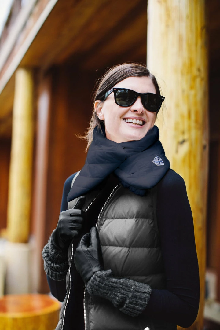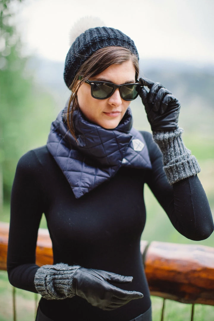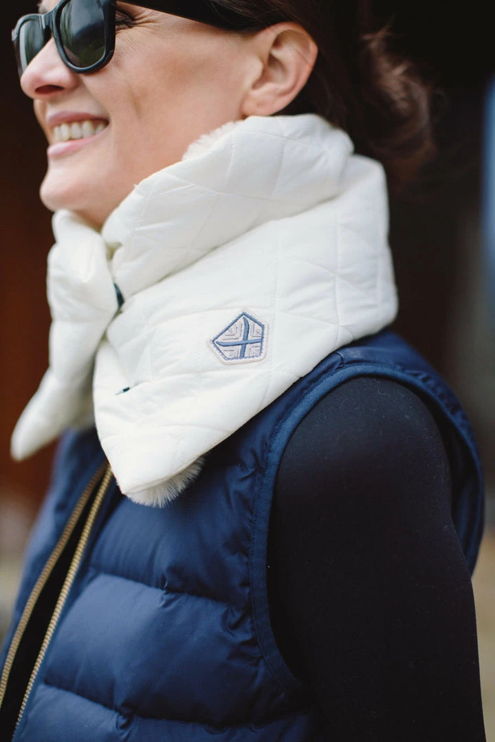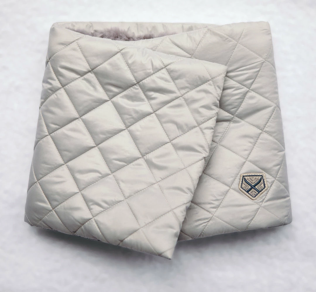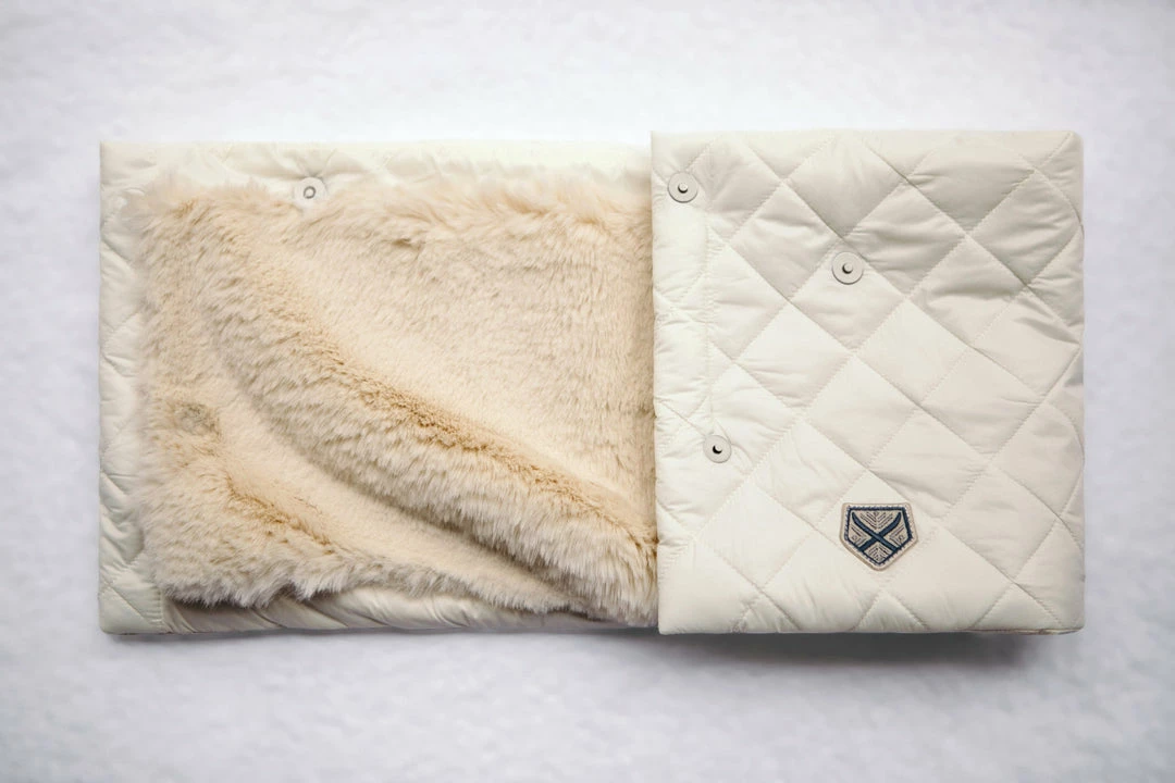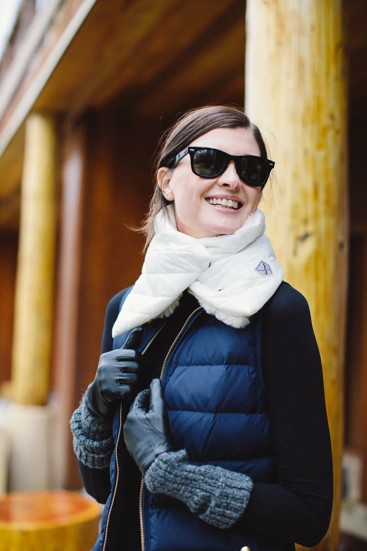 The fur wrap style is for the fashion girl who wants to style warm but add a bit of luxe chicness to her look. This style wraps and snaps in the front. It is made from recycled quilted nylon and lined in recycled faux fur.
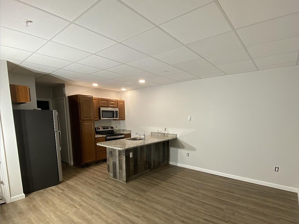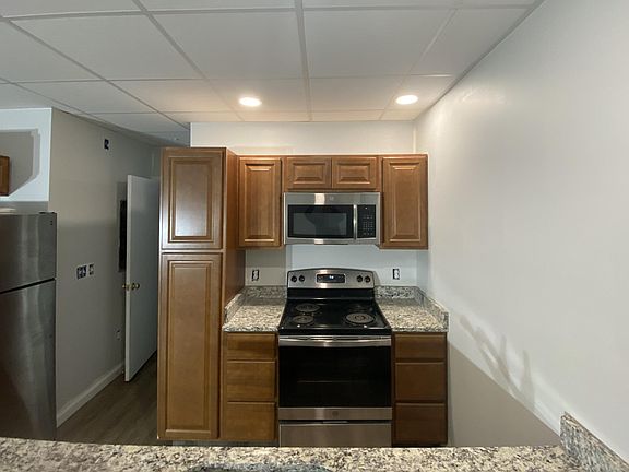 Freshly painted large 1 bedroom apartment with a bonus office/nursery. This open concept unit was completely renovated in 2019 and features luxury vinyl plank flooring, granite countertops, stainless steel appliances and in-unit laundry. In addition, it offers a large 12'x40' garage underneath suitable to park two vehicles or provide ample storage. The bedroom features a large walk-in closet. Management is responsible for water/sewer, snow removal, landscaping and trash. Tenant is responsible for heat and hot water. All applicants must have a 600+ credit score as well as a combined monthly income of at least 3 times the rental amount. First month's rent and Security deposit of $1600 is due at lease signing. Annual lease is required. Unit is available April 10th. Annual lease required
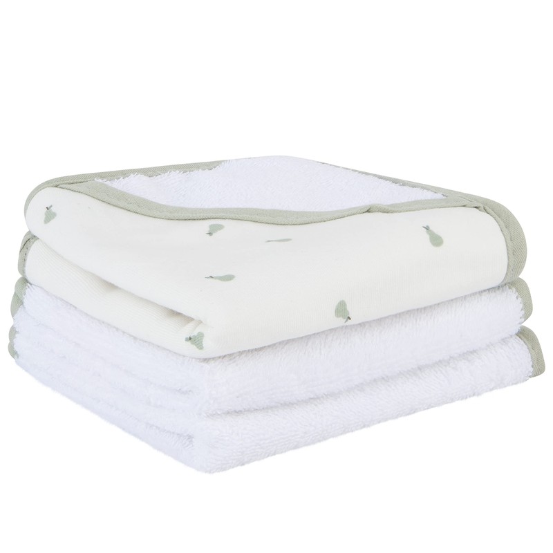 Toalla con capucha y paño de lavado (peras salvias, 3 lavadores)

Work order:
Your copy of the data above should match it exactly, apart from the images.

Solved exercise:
 The fur wrap style is for the fashion girl who wants to style warm but add a bit of luxe chicness to her look. This style wraps and snaps in the front. It is made from recycled quilted nylon and lined in recycled faux fur.
 Freshly painted large 1 bedroom apartment with a bonus office/nursery. This open concept unit was completely renovated in 2019 and features luxury vinyl plank flooring, granite countertops, stainless steel appliances and in-unit laundry. In addition, it offers a large 12'x40' garage underneath suitable to park two vehicles or provide ample storage. The bedroom features a large walk-in closet. Management is responsible for water/sewer, snow removal, landscaping and trash. Tenant is responsible for heat and hot water. All applicants must have a 600+ credit score as well as a combined monthly income of at least 3 times the rental amount. First month's rent and Security deposit of $1600 is due at lease signing. Annual lease is required. Unit is available April 10th. Annual lease required
 Toalla con capucha y paño de lavado (peras salvias, 3 lavadores)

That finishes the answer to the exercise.